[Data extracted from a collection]

::::::::::

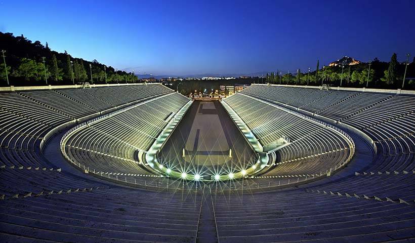 Le Stade Panathénaïque emblématique est entièrement construit dans le meilleur marbre grec (d'où son nom) et est associé aux Jeux Olympiques modernes et à l'Esprit Olympique. Le stade est situé dans le quartier central d'Athènes, Pangrati, à l'est des Jardins nationaux et de la salle d'exposition Zappeion, à l'ouest du quartier résidentiel de Pangrati, et entre les collines jumelles couvertes de pins d'Ardettos et d'Agra.
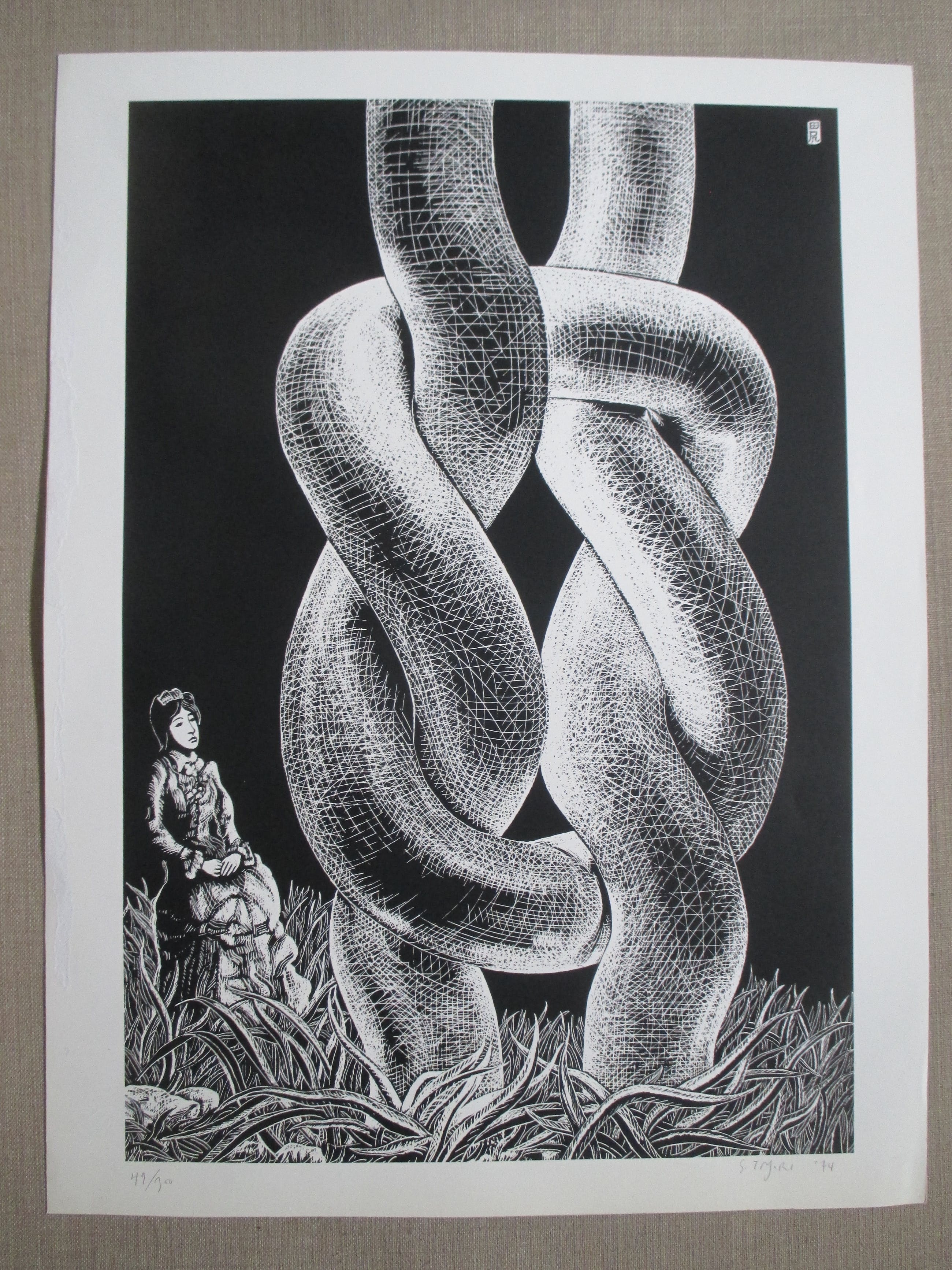 Litho van Shinkichi Tajiri, gesigneerd, genummerd en gedateerd in potlood.
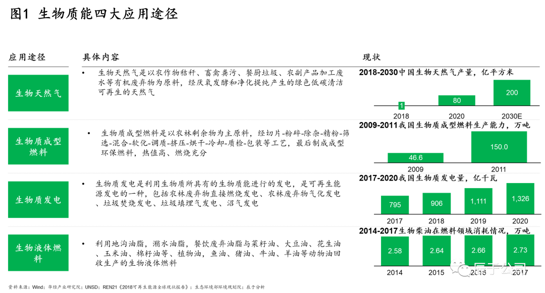 生物質(zhì)能是指太陽(yáng)能以化學(xué)能形式儲(chǔ)存在生物質(zhì)中的能量形式,燒柴火便是對(duì)生物質(zhì)能的利用,自從人類學(xué)會(huì)了使用火,生物質(zhì)能就成為重要的能源來(lái)源之一?,F(xiàn)代生物質(zhì)能行業(yè)進(jìn)一步對(duì)各種有機(jī)質(zhì)中的能源進(jìn)行加工和轉(zhuǎn)換,變成各類更易儲(chǔ)存、運(yùn)輸和使用的能源類型,具體可分為四大類別:生物天然氣,生物質(zhì)發(fā)電,生物質(zhì)成型燃料,生物液體燃料。這四類均已有一定的發(fā)展基礎(chǔ)(見(jiàn)圖1)。
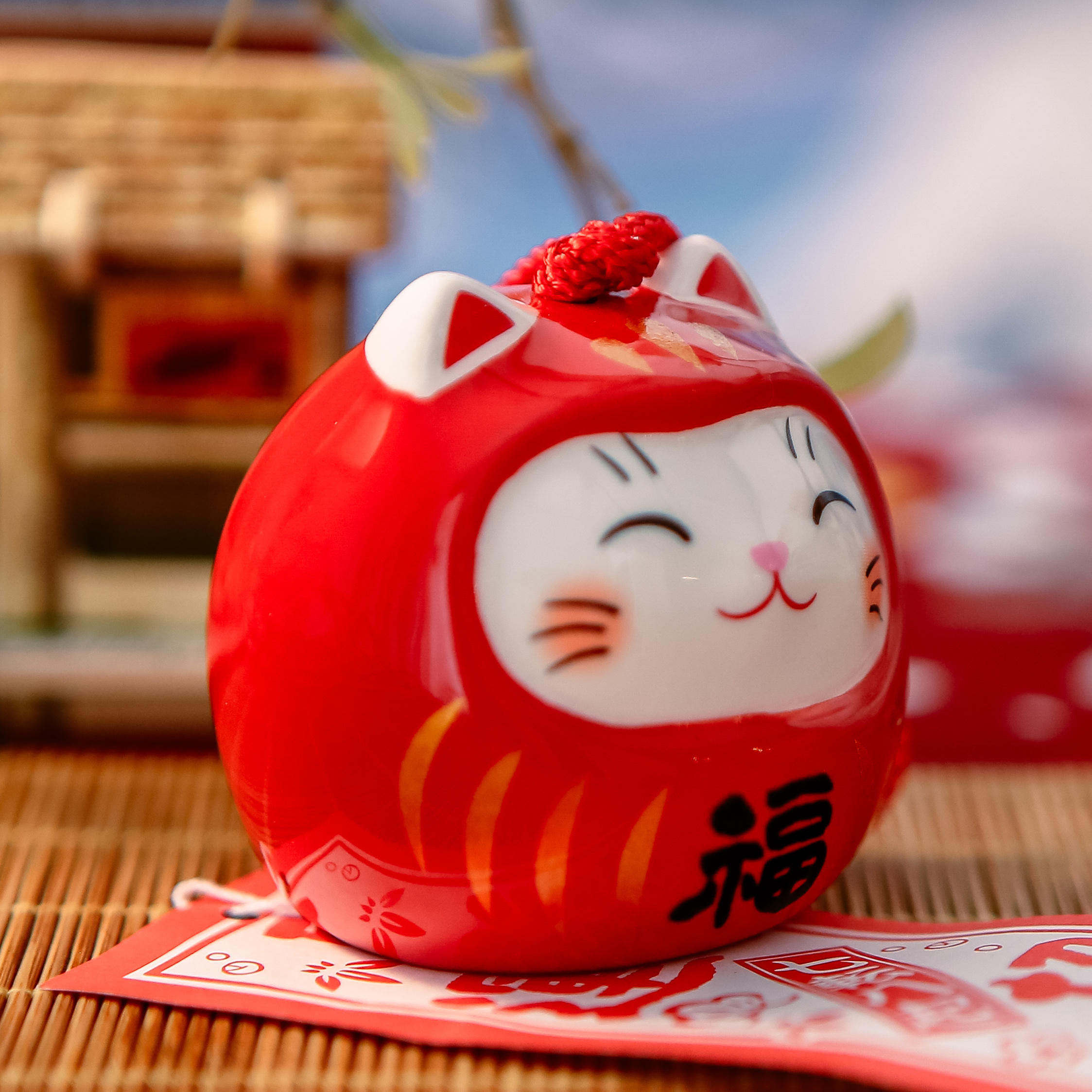 Japanese Pharmacist Kiln Damo Strokes of Cat Windbell Sun Style ceramic Kaiyun Gifts Balcony Hung on Vehicular Import
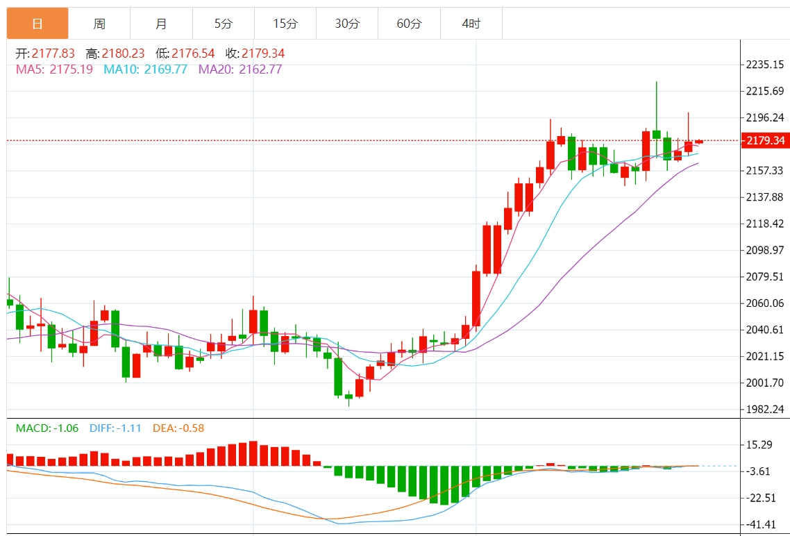 周四(3月28日)亚市盘初,现货黄金小幅走弱,目前交投于2190.88美元/盎司附近,跌幅约0.18%,因美联储理事称需要“几个月”更好的通胀数据才能进行降息。金价周三上涨0.74%,日线录得三连阳,因为投资者普遍预计美联储将在6月份开始降息。 目前投资者在等待本周晚些时候的美国关键通胀数据,该数据可能为美联储的政
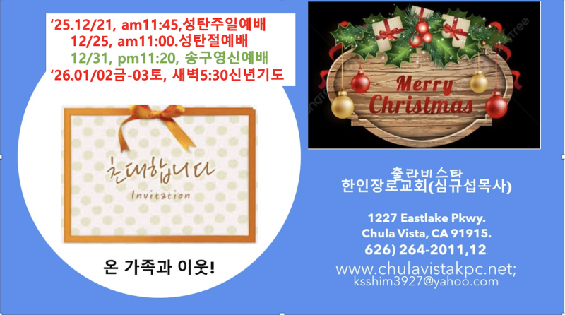 온 세상의 구주와 주와 하나님의 아들로 오신 예수 그리스도의 탄생을 함께 기뻐하며 축하할 귀한 자리에 한인 교우 여러분을 초청합니다. 교회를 쉬고 계시거나 낙심되고 근심된 일이나 고난 중에 계신 분들을 환영합니다.
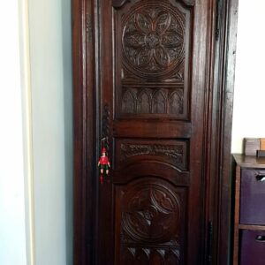 Description : Portes à vitraux garnie de rideaux. Plusieurs tablettes intérieures.
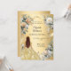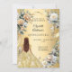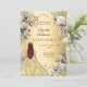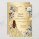 Um fundo com aspecto de ouro. Decorados com os florais brancos e amarelos e uma fita de ouro. Uma garota vestindo uma tiara e um vestido. Personalize e adicione um nome e detalhes.

::::::::::

▶ Instructions to follow
Leaving out every picture, transcribe exactly the lines from the line that contains "Description : Portes" through the final line of the entries above.

▶ Task solution
 Description : Portes à vitraux garnie de rideaux. Plusieurs tablettes intérieures.
 Um fundo com aspecto de ouro. Decorados com os florais brancos e amarelos e uma fita de ouro. Uma garota vestindo uma tiara e um vestido. Personalize e adicione um nome e detalhes.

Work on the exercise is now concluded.